[Source records]
● ● ● ●

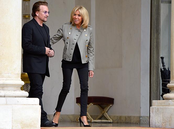 Встречи с представителями различных политических партий и взглядов продолжались. Почти сразу же после знакомства с миссис Трамп Брижит встречается с солистом легендарной группы U2. И демонстрирует еще один удивительный образ, хотя на этот раз без мини.
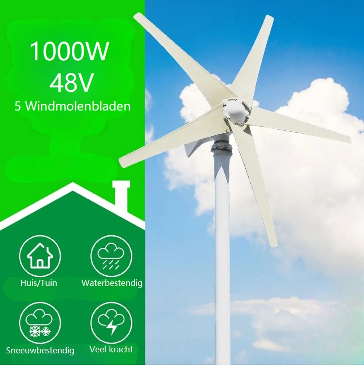 Verlicht of verwarm je huis met de SMARAAD-windmolen. De SMARAAD is bestendig tegen elke weersituatie wind, sneeuw, regen en bliksem.
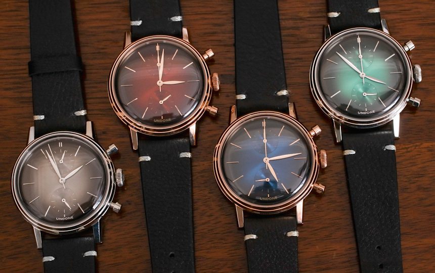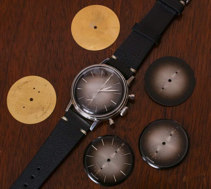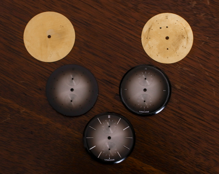 正如您在圖片中看到的,Undone 在五個不同的生產階段分享了一些 Mystique 表盤樣品。你可以看到它是如何從一塊黃銅板開始的,然后在上面印上時標所在的孔,仔細地涂上旭日紋風格的漸變表盤涂漆,墊印有一些指示器,然后添加應用的時標. 這種技術或多或少與高端瑞士手表相同,Undone 似乎不得不提醒收藏家他們為瑞士制造付出了多少。
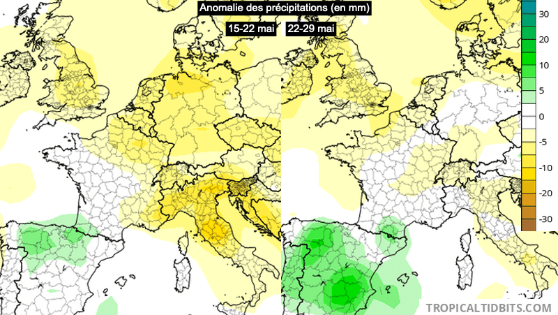 Anomalie des précipitations (en mm) du 15 au 22 mai et du 22 au 29 mai - modèle CFS via TropicalTidbits
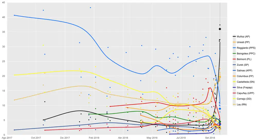 - ↑ a b «Reggiardo mantiene ventaja». ipsos.com. 20 de agosto de 2018. Consultado el 22 de enero de 2022.
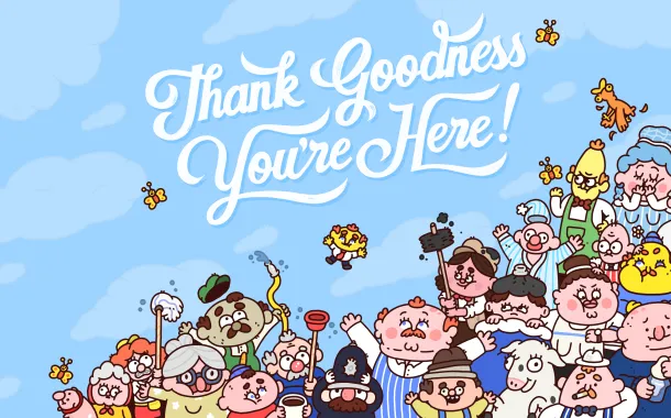 Thank Goodness You’re Here! یک بازی کمدی ماجراجویی بامزه است که به مرور زمان و با پیشروی بازیکنها در شهر عجیب بارنزورث (Barnsworth) جنبههای مختلفی از آن نمایان میشود. با اتمام هر کار عجیب و غریب، مناطق جدیدی از شهر باز میشوند، افراد غریبه و کارهای آنها در دسترس قرار میگیرند و عقربههای ساعت به زمان جلسه بزرگ فروشنده ما نزدیک میشود. ساکنان رنگارنگ این شهر با انیمیشنهای دستی پر جنبوجوش، دیالوگهایی که کاملاً صداگذاری و دوبله شدهاند، به زندگی خود در این شهر ادامه میدهند.
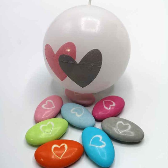 Ces dragées au chocolat motif cœurs, vendus par sachets de 250 grammes, surprendront sans aucun doute vos invités et resteront le symbole de cet évènement que vous avez organisé en l’honneur de votre enfant ou de votre mariage. Vous pouvez choisir de commander ces dragées en vert, bleu marine, bleu turquoise, gris, orange ou encore fuchsia ou bien de commander plusieurs sachets pour mélanger les couleurs. N’hésitez pas à vous faire plaisir, ces dragées imprimées d’un cœur seront parfaites pour la célébration de l’amour entre deux êtres mais également pour célébrer la naissance, la communion ou le baptême de votre enfant. Vous souhaitez également vous procurer des dragées en forme de cœur pour faire un mélange ? Continuez votre navigation sur notre site internet !
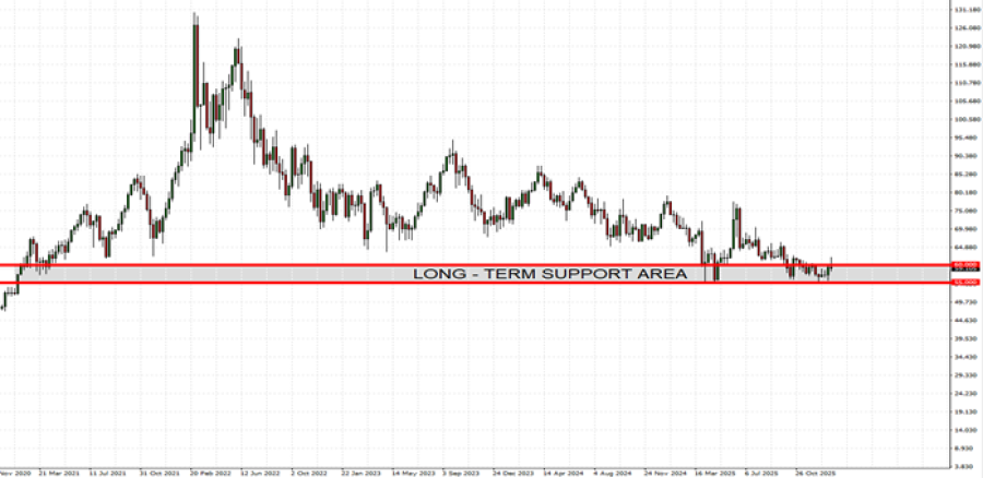 - (16. PROSINCA): CIJENA SIROVE NAFTE JE DOSEGLA NAJNIŽU RAZINU OD SVIBNJA 2025. (54.865 USD). Cijena sirove nafte je dosegla najnižu razinu od veljače 2021. Sirova nafta se trenutno kreće oko 59 USD, a nalazi u blizini svoje dugoročne zone podrške između 55 i 60 USD.
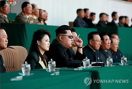 | △ 북한 김정은 국방위원회 제1위원장이 지난 4월 13일 부인 리설주와 함께 김일성경기장에서 진행된 남자축구경기를 보며 담배를 피우는 모습으로 노동신문이 보도했다. 김 제1위원장은 공개 석상에서 자주 흡연하는 모습이 포착돼 '애연가'로 알려졌다. 2015.6.13.<<연합뉴스DB>> |
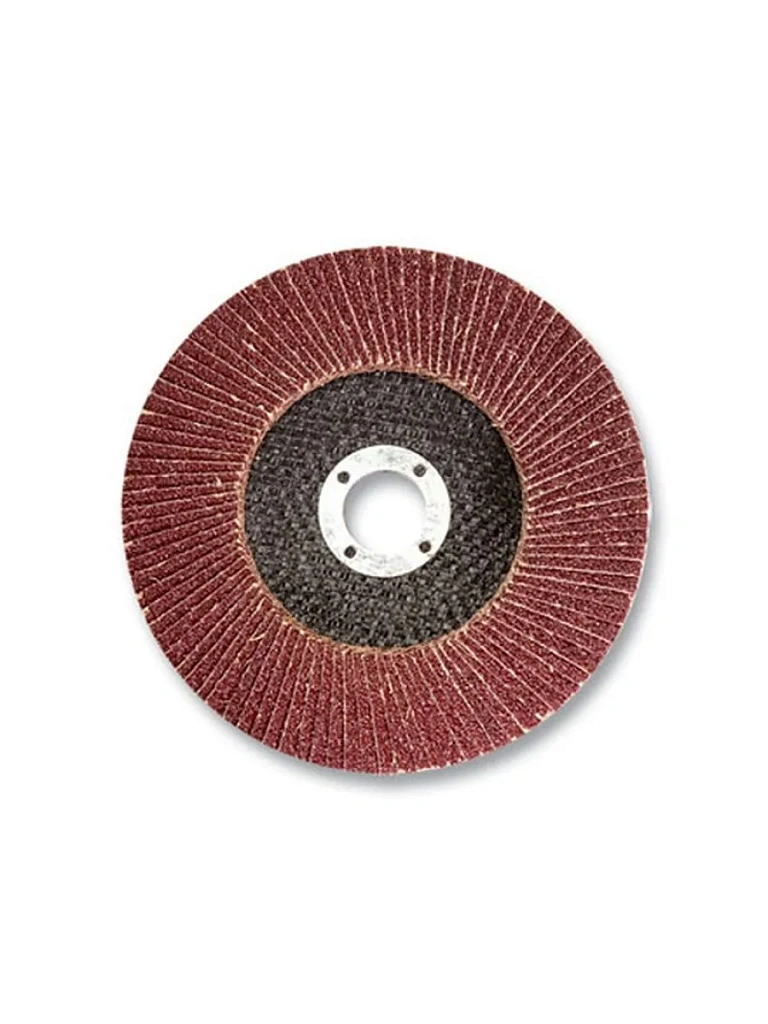 Круг лепестковый торцевой изготовлен из прямоугольных элементов шлифовальной шкурки на тканевой основе, которые расположены в виде веера на подложке из стекловолокна.
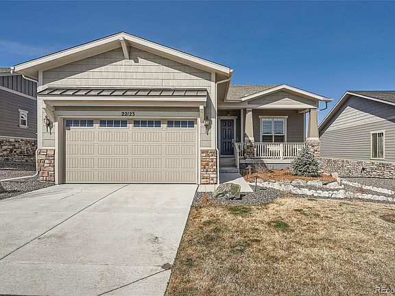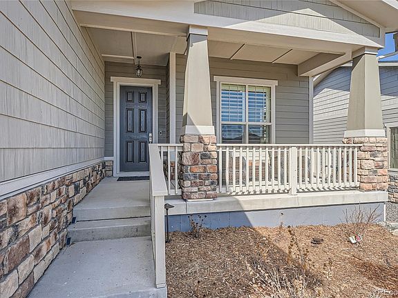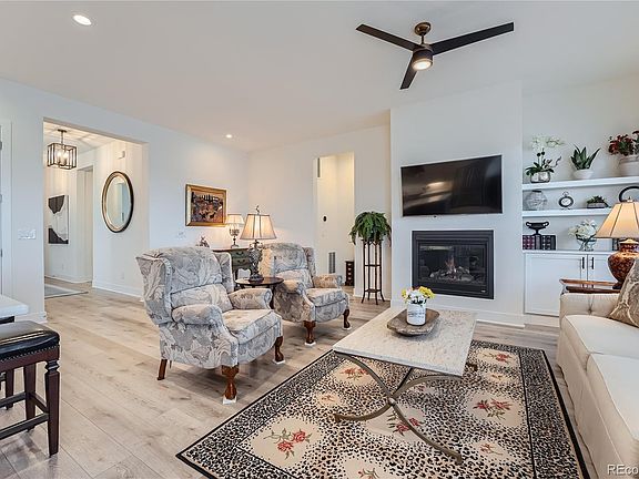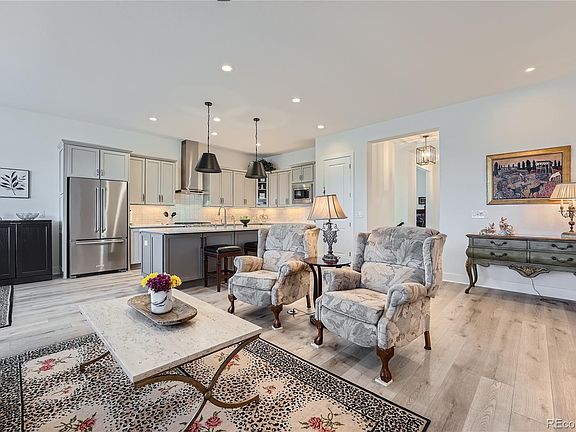 This pristine 2022 Toll Brothers ranch is in the heart of Inspiration’s coveted 55+ Hilltop neighborhood. Walk into this grand entry with wide plank flooring and beautiful lighting fixtures. Home office positioned at the front of the home along with the possiblity of 2 secondary guest bedrooms + bathroom (office conversion priced out.) Third bedroom is currently is non-conforming. Find the laundry + mudroom off the oversized 2 car garage. The gourmet kitchen has an expansive center island with storage, quartz countertops, 42 inch shaker cabinets and KitchenAid appliances. Plenty of counter seating or dine in the informal dining area. Great open floor plan offers a fantastic living space with new custom built-in shelving and gas fireplace. Primary suite is tucked away in back of the home with large bay windows, beautiful bathroom and walk-in closet. The two car extended garage has 8 ft garage door to allow parking for trucks and larger vehicles. Brand new custom window treatments installed throughout the home along with additional professional landscape competed late summer of 2023. The world is your oyster with over 1700 square foot unfinished basement space to make your own. Inspiration active adult residents gain exclusive access to the resort-style Hilltop Clubhouse featuring bocce ball courts, pickleball and tennis courts, pool, fitness center, yoga studio and an outdoor patio with remarkable mountain views. The ideal location allows easy access to E-470, is under 10 minutes to Saddle Rock Village and Southlands Mall, 20 minutes to DTC and 30 minutes to DIA.

● ● ● ●

*Task statement*:
Begin at the top of the records above and retype each line exactly until the line containing "正如您在圖片中看到的,Undone 在五個不同的生產階段分享了一些 Mystique", which is included. Skip all pictures.

*Response below*:
 Встречи с представителями различных политических партий и взглядов продолжались. Почти сразу же после знакомства с миссис Трамп Брижит встречается с солистом легендарной группы U2. И демонстрирует еще один удивительный образ, хотя на этот раз без мини.
 Verlicht of verwarm je huis met de SMARAAD-windmolen. De SMARAAD is bestendig tegen elke weersituatie wind, sneeuw, regen en bliksem.
 正如您在圖片中看到的,Undone 在五個不同的生產階段分享了一些 Mystique 表盤樣品。你可以看到它是如何從一塊黃銅板開始的,然后在上面印上時標所在的孔,仔細地涂上旭日紋風格的漸變表盤涂漆,墊印有一些指示器,然后添加應用的時標. 這種技術或多或少與高端瑞士手表相同,Undone 似乎不得不提醒收藏家他們為瑞士制造付出了多少。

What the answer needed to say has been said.